Penonton yang makin memadati venue larut dalam alunan ‘You’re The Inspiration’, ‘End of The Rainbow’, hingga ‘Tak Pernah Padam’. Sandhy menutup setlistnya dengan ‘Malam Biru’, yang disambut koor ribuan penonton.
“Saya selalu senang tampil di Solo, karena penontonnya hangat dan dekat dengan musik,” ujar Sandhy di sela penampilannya.

Jazz Solo tak bisa dilepaskan dari musisi seniornya. Malam itu, Pung n Friends – Ing Jazz Triwindu hadir sebagai local pride. Membawakan ‘I’ve Got You Under My Skin’, ‘Dari Mana Datangnya Asmara’, hingga ‘So Nice’, mereka menghadirkan nuansa klasik yang menghangatkan suasana.

Momen spesial terjadi ketika mereka mengiringi Astrid Widayani, Wakil Walikota Solo, yang membawakan ‘Don’t Know Why’ milik Norah Jones. Sorakan dan tepuk tangan penonton menegaskan kebanggaan Solo pada talenta musiknya sendiri.

Panggung semakin hidup saat kelompok Pilipe (Komunitas Jazz Pinggir Kali Pepe) menghadirkan pianis kawakan Sukat Puspaningrat. Dua nomor instrumental, ‘Armando’s Rhumba’ dan ‘Del Sasser’, membuka jalan bagi legenda hidup jazz Indonesia, Margie Segers.

Margie memikat dengan ‘Fly Me To The Moon’ yang diaransemen ulang, lalu ‘Kesepian’, ‘Stormy Monday’, hingga ‘Kata Hati’. Ketika ia turun menyapa penonton, suasana meledak dalam tepuk tangan dan teriakan apresiatif.

Setelah nostalgia, giliran Float yang membakar malam. Band pop-rock yang lahir dari skena indie ini menghadirkan energi baru dengan ‘Time’, ‘I.H.I’, ‘No Dream Land’, ‘Emily’, hingga ‘Sementara’.

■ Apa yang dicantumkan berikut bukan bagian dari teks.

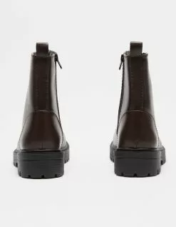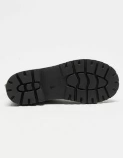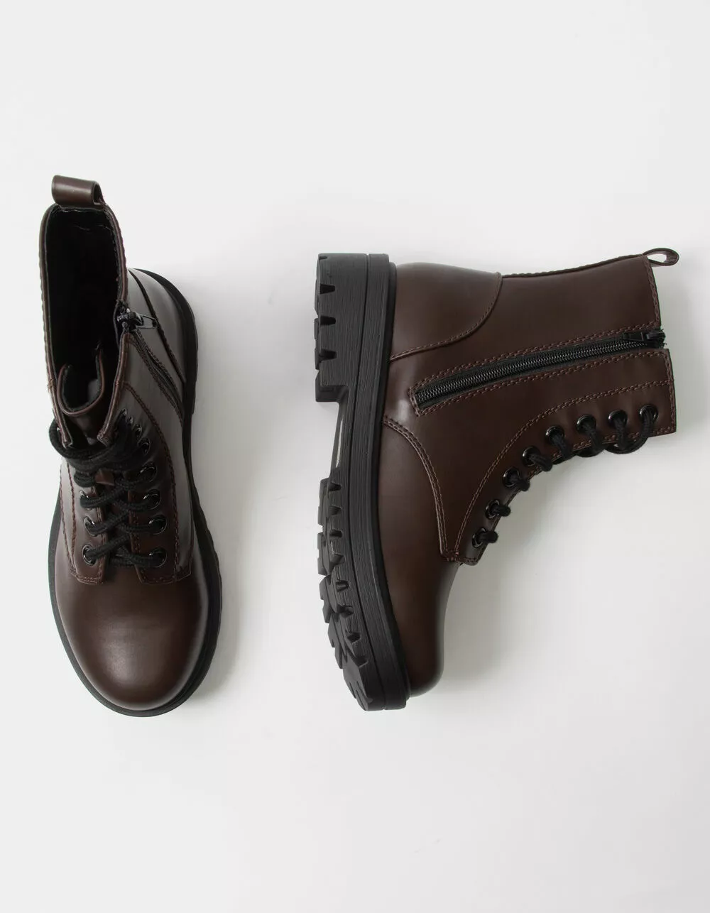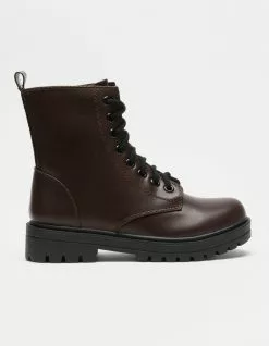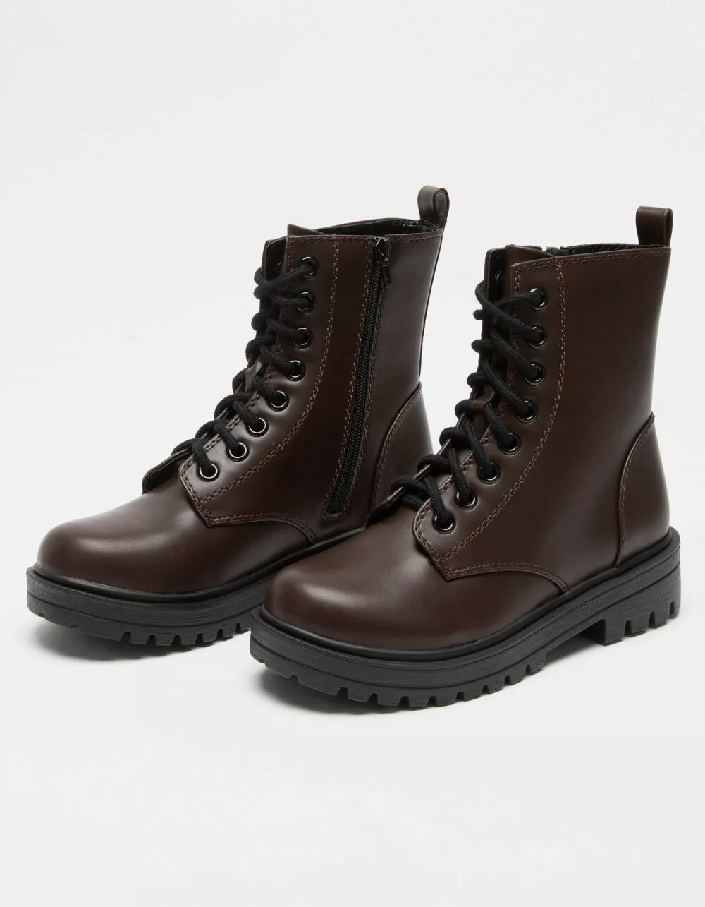 Soda Lug Sole combat boots. Faux leather combat boots. Lace up with an inner zip for easy on and off. Synthetic lug sole. Imported.

Suara khas Hotma “Meng” Roni Simamora berpadu dengan permainan David Q Lintang (gitar), Timur Segara (drum), dan Binsar Tobing (bass), membuat penonton ikut bernyanyi dalam euforia. Float seakan membuka jalur menuju klimaks festival malam itu.

Momen paling ditunggu datang saat Efek Rumah Kaca (ERK) naik ke panggung. Sebagai band indie papan atas, kehadiran mereka memang jadi magnet utama.

Mereka membuka dengan Kamar Gelap, lalu mengalir ke ‘Rahim Ibu, ‘Putih, ‘Lagu Kesepian’, hingga ‘Desember’. Setiap lagu seolah membawa penonton ke dimensi lain—penuh noise, pop, rock, sedikit blues, dan bahkan aroma jazz.

Penampilan ditutup dengan ‘Cinta Melulu’, lagu ikonik ERK yang langsung dijawab sing-along ribuan orang. Seakan tak ada yang ingin malam itu berakhir.
Solo City Jazz 2025 menunjukkan bahwa jazz bukan sekadar genre, melainkan ekosistem musik yang lentur—mampu berdialog dengan pop, rock, blues, hingga indie. Dari generasi senior seperti Margie Segers hingga generasi muda seperti Aditya Ong, semua berpadu dalam satu ruang, satu panggung, satu kota.
“Solo semakin jazzy. Semoga ini jadi energi yang terus mengalir, bukan hanya untuk musik, tapi juga kehidupan warganya,” ujar penyelenggara di akhir acara.
Dan benar saja, jazz malam itu tak hanya terdengar di panggung. Ia ikut bersemayam di hati penonton, mengalir dalam udara Solo, dan meninggalkan jejak memori yang akan terus dikenang.
Sampai jumpa di Solo City Jazz 2026—dengan harmoni baru, rasa baru, dan warna baru.